Networks were working on their indecency remand responses--"scrambling" was how one network Washington type put it--to meet the Sept. 21 deadline.
A federal court granted the FCC's request to take a second look at four profanity rulings it made last March, but the FCC promised to do it all in 60 days, hence the narrow comment window. It announced the two-week window Sept. 7.
The FCC did not make the decisions available for comment the first time because it took no enforcement action, instead saying these were words--"fuck" and variants of "shit"--it would find indecent in these particular contexts going forward--two music awards shows on Fox, a CBS morning show broadcast, and NYPD Blue. Broadcasters sued and the FCC said it had made a mistake not giving an opportunity to comment.
One group already on the record is free market think tank, the Progress and Freedom Foundation, which filed its comments Wednesday.
Not surprisingly, Senior fellow Adam Thierer used the opportunity to argue that the FCC shouldn't be in the programming content regulation business period.
Saying there were sufficient blocking mechanisms and educational programs so that "the traditional rationales the agency relies on to regulate broadcast content--hat it is 'uninvited' into the home and that parents are powerless to control it--have been rendered moot."

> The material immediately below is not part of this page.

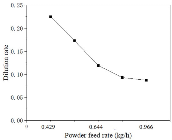 From a visual analysis, it can be seen that the most important factor affecting the dilution rate of the cladding layer was the powder feed rate, and the range values of the other two factors were relatively small, thus indicating a lower degree of influence on the dilution rate. An effect curve was used to more intuitively analyze the influence of the powder feed rate on the dilution rate of a cladding layer.
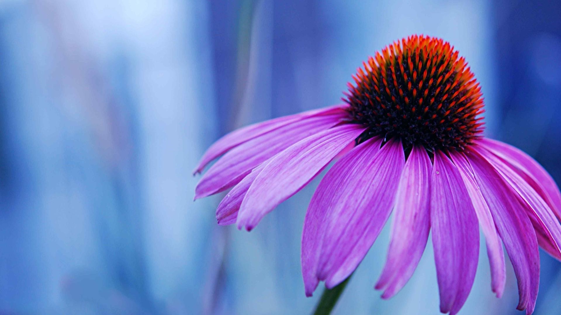 Lila Blume mit gelbem Einstich auf schwarzem Hintergrund

And even if parents aren't availing themselves of options like the V-Chip or channel blocking on cable, Thierer argues that "their inaction should not be used to justify government regulation of programming as a surrogate for household/parental choice."
Thierer argued that the current "community standard" of acceptable programming has been outstripped by technology and should be replaced by a "household standard," which essentially means every home for itself.